Intimacy, love and womanhood: In conversation with Olivia Douglass

Olivia Douglass is a seasoned writer, curator and producer from South-East London. Her work aims to create innovative new terrain for writing, with a focus on re-molding traditional and colonial images focusing on the Black queer experience. Olivia is currently an assistant producer for Hip-Hop theatre company Boy Blue and a resident poet and curator at Earwax Collective, a space for women in sound art and performance-based practices. Creating experimental writing and film that observes the world around her through a deeply mythical and abstract lense, while presenting and celebrating the parts of her identity that are disenfranchised within western society is her speciality. Olivia recently launched her highly anticipated debut collection of writing and poetry titled ‘Slow Tongue’ and travelled to Lisbon to discover its hidden beauties. AZ mag managed to catch up with the Olivia to talk all things queer, self-discovery, love and black girl magic.

Olivia began writing when she was younger and started to, ‘ become more self aware and realised the impact societal norms had on her own life’. She acknowledged, ‘it wasn’t a choice to write about these things. I’m most honest with myself when writing and it’s a place to speak about things society doesn’t’. Although Olivia is rising up in the world of poetry, ‘ I don’t consider myself as a poet but a writer who does poetry. Self discovery has moulded and remoulded me as a person and has shaped my writing. Olivia describes writing as, ‘a motif’. ‘Through writing I am able to create a space to be a whole being. A lot of my work is visual, I like to create different worlds. Leaving unanswered questions and mistakes within my work invites others to become self-reflective and question the idea of perfection, beauty, the art of communication and the world itself’.

Her new piece, ‘Slow Tongue’ is a verse-essay/lyric essay hybrid analysing race, sexuality and the relationship between Black women artists. A response to the writings of M. Nourbese Phillip, ‘Slow Tongue’ aims to continue the decolonisation of language and imagery. The main message of this provocative, thought provoking work has personally allowed me to question my stance as a young black woman but also acknowledge the love or lack of understanding in love some of us have. ‘The main message to me, changes every time I think about it. It has its own energy. I had to realise, I am deserving of intimacy. I am deserving of a language that isn’t sexualising my body. Black woman are hyper-sexualised or desexualise. Our relationships with intimacy aren’t shown. My intimacy moves differently and it is equally valid to other cultural depictions of intimacy’. Olivia went on to say, intimacy is soft’. ‘It was hard for me growing up in white areas. I had a hard exterior and I was struggling to be tough. And then someone said, ‘you’re quite soft’ and that was somewhat of a wake up call. Finding my identity In a rural area was tough. I’ve finally come to realise black women are strong but also soft. Black women need to be nurtured and we deserve to be vulnerable’.

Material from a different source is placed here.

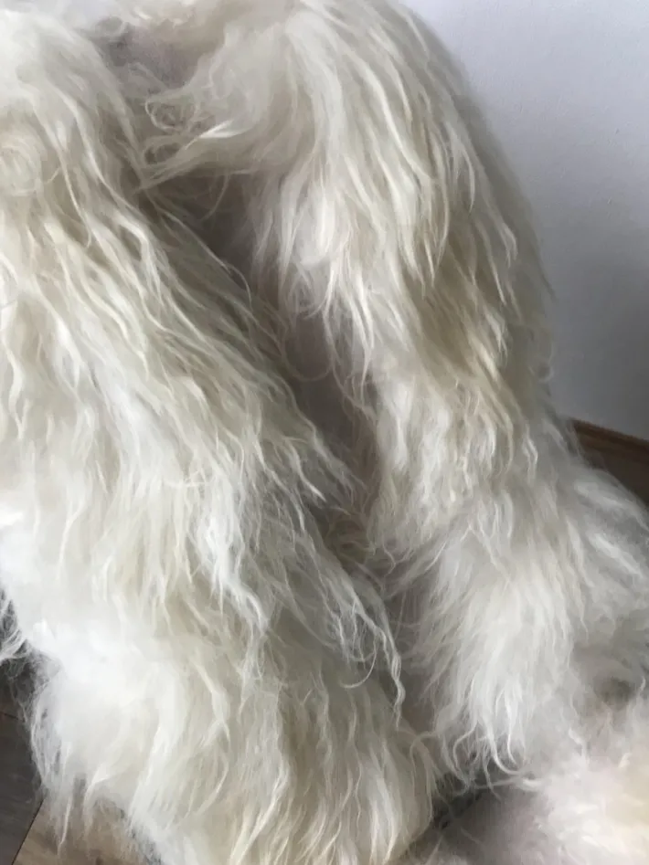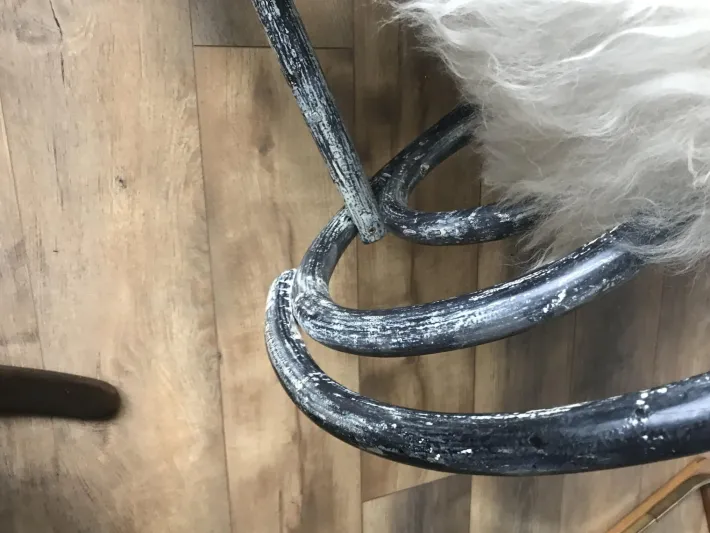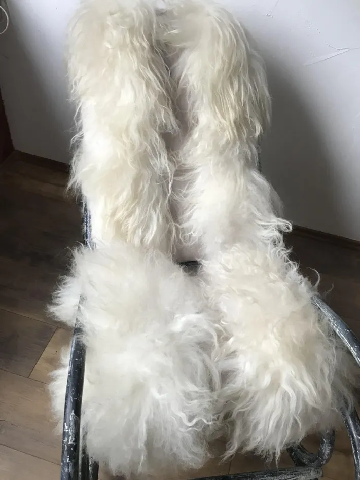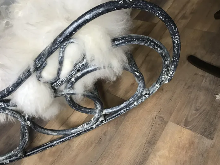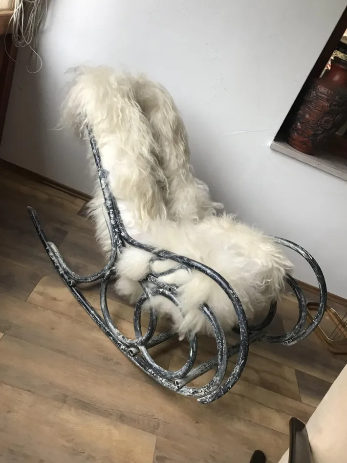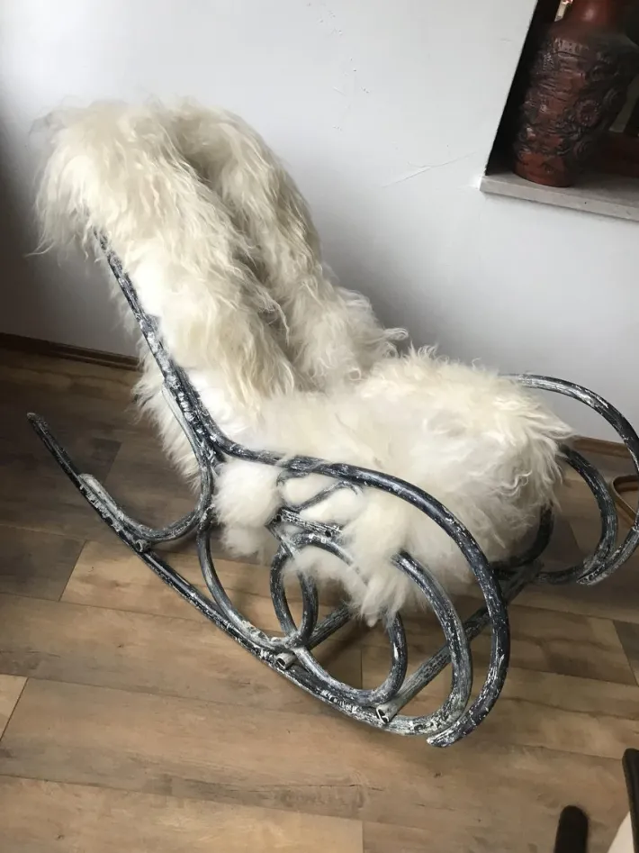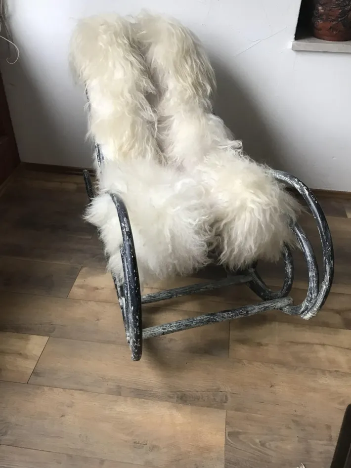 In 1860 for Thonet. This beautiful piece is finished with an ivory lacquer and reupholstered with a white colored long hair lamb fur.

“Writing, for me has been an outlet to express different topics such as oppression, heartbreak and rediscovering myself as a black woman. Although society has moved into a visual phrase, Olivia believes writing is still relevant and important in today’s society, writing has its place. Book sells shot up. We live in a world that sells illusions and words on paper strip illusion. There’s a visual content overload and that’s why I write. Writing demands you to spend time with it, you have to think, you have to commit to it. With words you never lose the power of shaping people’s mind, it has a different longevity. With everything being uploaded as visual content, there has been a rinse in social media usage with apps such as Instragram and tumblr. ‘Social media gets tiring, you get a restless mind and begin to overthink, reading is like meditation. Revisiting memories from a different perspective allows me to discover and develop my thoughts and feelings and give them words.” When I asked about writing techniques, Olivia described, ‘free writing’ as her go to. “It helps clear any blockages while listening to music. I go through it and circle sections and it forms part of my work. This is the way I create my most honest pieces of work, pulling up grit and looking at the  overspill. This helps me gain clarity.”

Olivia is not only passionate about writing but travelling. “Lisbon was the first solo trip I went on and it was a celebration for getting through the first month of this year. This is the year of healing and congratulating self. It was a wonderful time to be really present and meet good people. A time to reflect on the work I’ve done and I proved I can reach a moment of stillness to myself’. Olivia portrayed  Lisbon as a refuge for the tired, weary souls of urban areas that can be, ‘overworked. It allowed me to have time that I needed to see out of the murky bubble that inhabits London. I don’t need to prove myself in London by trying to do 40 shows a year or competing with everyone. There are more important things.”

Olivia allowed me to think about the concept of expression through the perspective of being a woman and the way words mirror and shape our realities. Olivia is currently learning the sound of her own voice which is not infiltrated by things around us. She is currently working on a queer film and constructing poetry which is revolutionary in the realm of self-celebration.